“The mass of men lead lives of quiet desperation. What is called resignation is confirmed desperation.” – Henry David Thoreau, Walden
Resignation that we are stuck in a quickening race to the bottom by working harder every day for less pay and fewer benefits, with little job security, all aimed at being “competitive”. Resignation that we get to buy cheap stuff, because that’s all we can afford, by allowing companies to exploit workers and pollute the environment elsewhere in the world. Resignation that billions of us live in poverty. Resignation that the wealthiest 85 people in the world have as much wealth as the poorest 3.5 BILLION people. Resignation that our most of kids will have to take on decades of debt to pay for four years of college, while half of them will end up unemployed or underemployed when they graduate. Resignation that maybe the American Dream is dead.
Perhaps poisoned with cynicism and resignation, there is still hope. Take a minute and imagine. Imagine the world you want to live in, the world you hope for. Did you hope that you can provide your kids with a better life? Hope for “life, liberty, and the pursuit of happiness”? Hope that you will have a job that not only provides a good wage and good benefits, but also is enjoyable and fulfilling? Hope that someday you will be able to retire with dignity and good health? Hope that you will be able buy a nice home in a good neighborhood? Hope that you can send your kids to college? Hope that your kids will have the opportunity and freedom to be who they want to be and to do what they want to do?
Hope is the foundation of the American Dream. A world full of inequity, poverty, disease, prejudice and pollution is not what any of us hope for, it is the world we have resigned ourselves to.
We can own a better future.
How? By not only having the hope that things can be changed for the better, but also the courage to make change happen. There is no silver bullet, no road map, and no guarantees, but certainly we can keep working to make inroads and together begin to shift the momentum towards a better world. One such inroad might be to start reclaiming ownership of some of things that now see beyond our control. A community standing up to a polluter to reclaim ownership of their environment. A neighborhood that others have resigned to be a ghetto, coming together to reclaim ownership of vacant lots in order to plant community gardens. A laid-off worker reclaiming ownership of their livelihood by starting their own business.
Why ownership? Because if it’s your land, you’re not going to pollute it. If it’s your job, you’re not going to give it to the lowest bidder.
Worker owned businesses, including worker owned cooperatives, root jobs and money in their communities. The community, in turn, supports the worker owned businesses. Two important examples of this ecosystem are the Mondragon cooperatives, located in the Basque region of Spain, and the thousands of worker owned cooperatives in the Emilia Romanga region of Italy.
Although unemployment in Spain is currently 26%, the unemployment rate in the Basque region is half of that.
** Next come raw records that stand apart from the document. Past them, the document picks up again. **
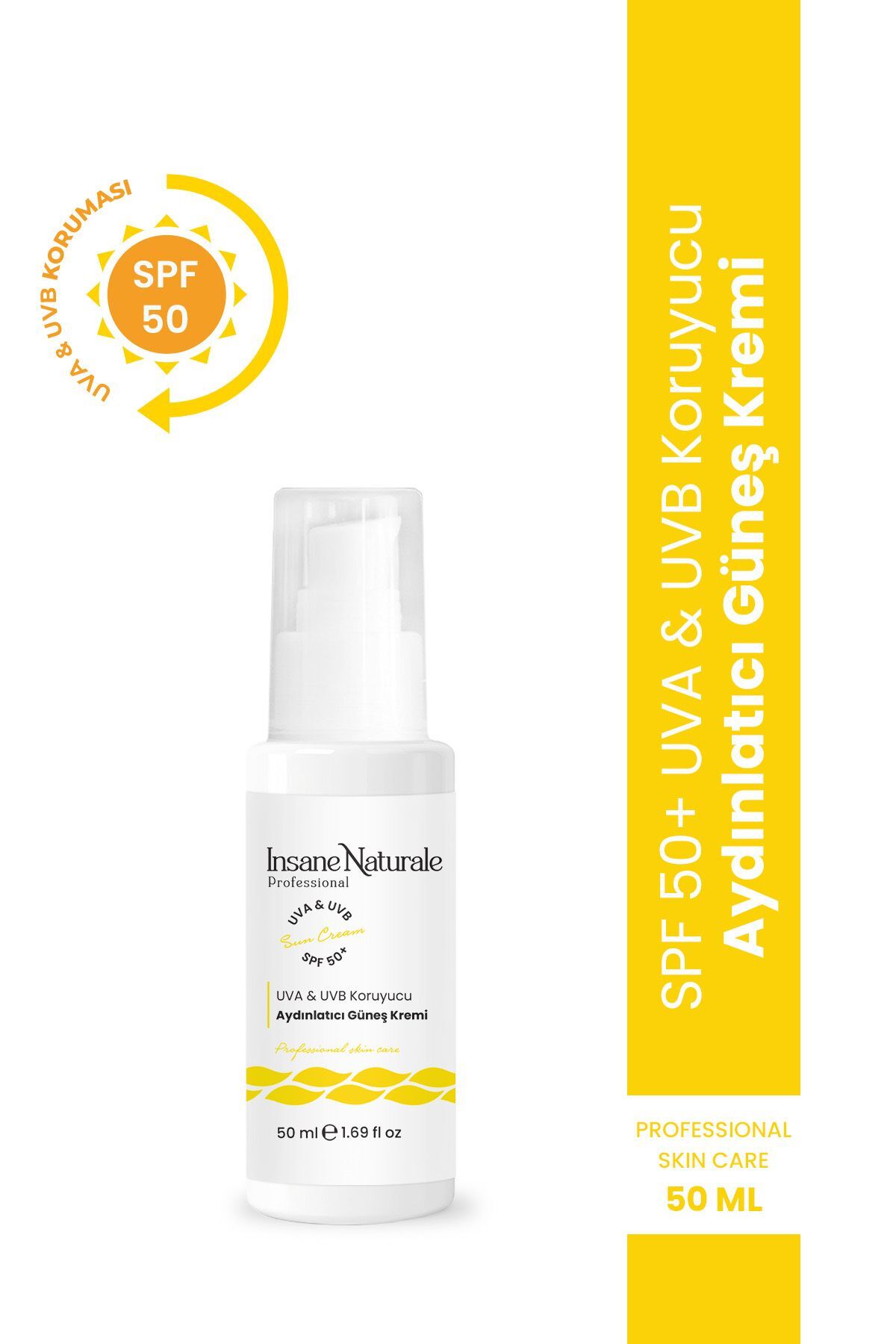 Insane Naturale Brightening Sun Cream - Spf 50 UVA & UVB Protective Sun Cream 50 ml
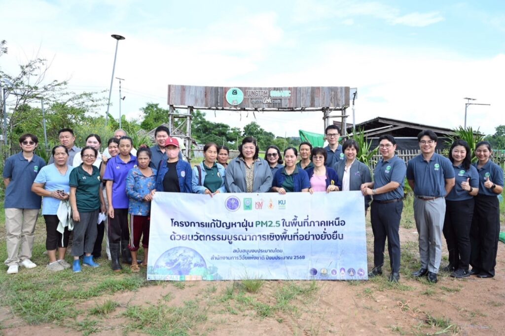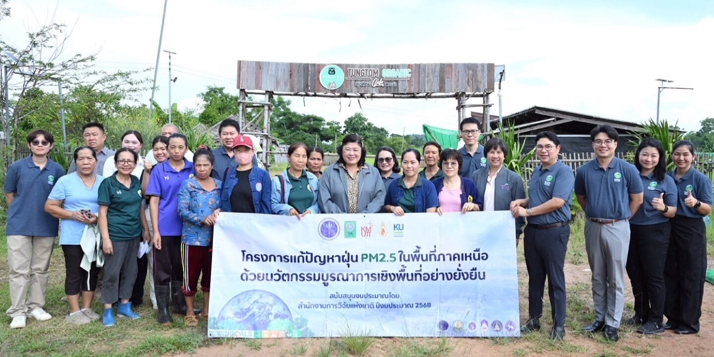 รศ.ดร.อนรรฆ ขันธะชวนะ หัวหน้าโครงการ และคณะ จาก มหาวิทยาลัยเทคโนโลยีพระจอมเกล้าธนบุรี กล่าวว่า จากปัญหาหมอกควันและฝุ่น PM2.5 ในพื้นที่ภาคเหนือของประเทศไทย โดยเฉพาะในจังหวัดเชียงรายและพะเยา เกิดจากการเผาวัสดุเหลือใช้ทางการเกษตรในระดับสูง จนนำไปสู่การเกิดจุดความร้อน (Hotspot) และค่าฝุ่นละออง PM2.5 ที่อยู่ในระดับวิกฤตต่อเนื่องทุกปี ปัญหานี้ส่งผลกระทบต่อสิ่งแวดล้อม และกระทบต่อสุขภาพของประชาชนโดยตรง งานวิจัยจึงถูกนำมาใช้เป็นกลไกในการแก้ไขปัญหาอย่างเป็นระบบ โดยโครงการวิจัยนี้มุ่งลดการเผาในพื้นที่เกษตรกรรม โดยเฉพาะในแหล่งปลูกข้าวและข้าวโพด ผ่านแนวคิด “ลดเผา เพิ่มรายได้ แก้ปัญหาได้จริง” ด้วยการพัฒนาเทคโนโลยีเตาเผาถ่านไบโอชาร์ประสิทธิภาพสูง และการแปรรูปวัสดุเหลือใช้เป็นผลิตภัณฑ์ชีวภาพ เช่น น้ำส้มควันไม้ ปุ๋ยอินทรีย์ อิฐปลูกกล้วยไม้ และบรรจุภัณฑ์จากฟาง พร้อมสร้างแพลตฟอร์มตลาดออนไลน์เพื่อเพิ่มช่องทางจำหน่าย โครงการนี้ดำเนินงานแบบ Plug-in Solution ที่สามารถนำไปใช้ได้ทันที โดยอาศัยความร่วมมือระหว่างนักวิจัย ภาครัฐ เอกชน และชุมชนในพื้นที่ ตั้งเป้าลดการเผาในพื้นที่เป้าหมายไม่น้อยกว่า 50% ตั้งแต่ปีแรก พร้อมสร้างรายได้จากผลิตภัณฑ์ทดแทน และลดจำนวนผู้ป่วยจากโรคทางเดินหายใจ นำไปสู่การเปลี่ยนผ่านสู่ระบบเกษตรกรรมยั่งยืนในระดับพื้นที่ และขยายผลสู่ภาคเหนือในระยะยาว
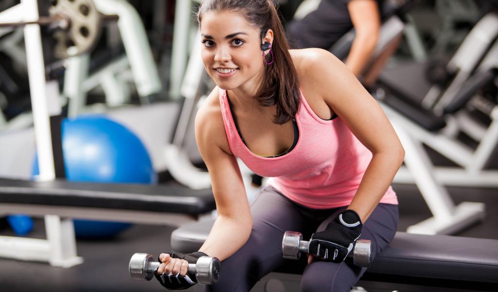 Wallpaper Smiling girl swinging dumbbells in the gym
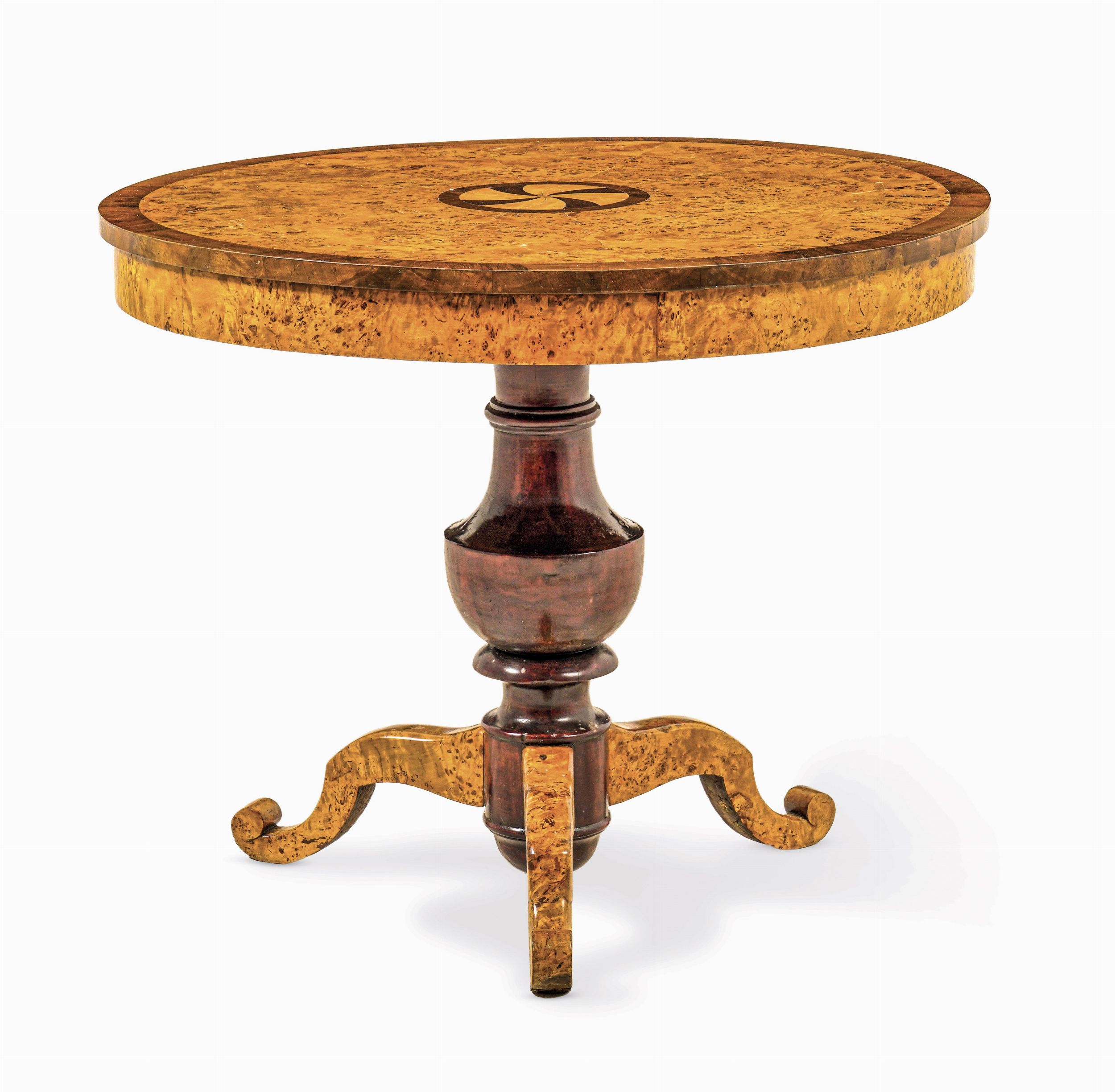 Tavolo lastronato in radica di tuja. XIX-XX secolo

Why? Because the worker-owners in the Mondragon cooperatives prioritize their own employment over the maximization of their profits, layoffs and closures are the absolute last resort rather than the first option. Rather than syphon off profits to anonymous global shareholders, worker-owners in the Mondragon cooperatives keep their profits and give 10% to their communities. Because money stays in the community, it supports other jobs in the community as it recirculates from one community-based business to another.
Owning our own jobs, our own livelihoods, gives us the power and ability to work for the kind of world we hope for. As worker-owned cooperatives, we can share the risk of ownership in order to minimize it, without giving up the power of ownership. The power of ownership, the control of our own lives, becomes a power antidote to the poison of resignation and desperation.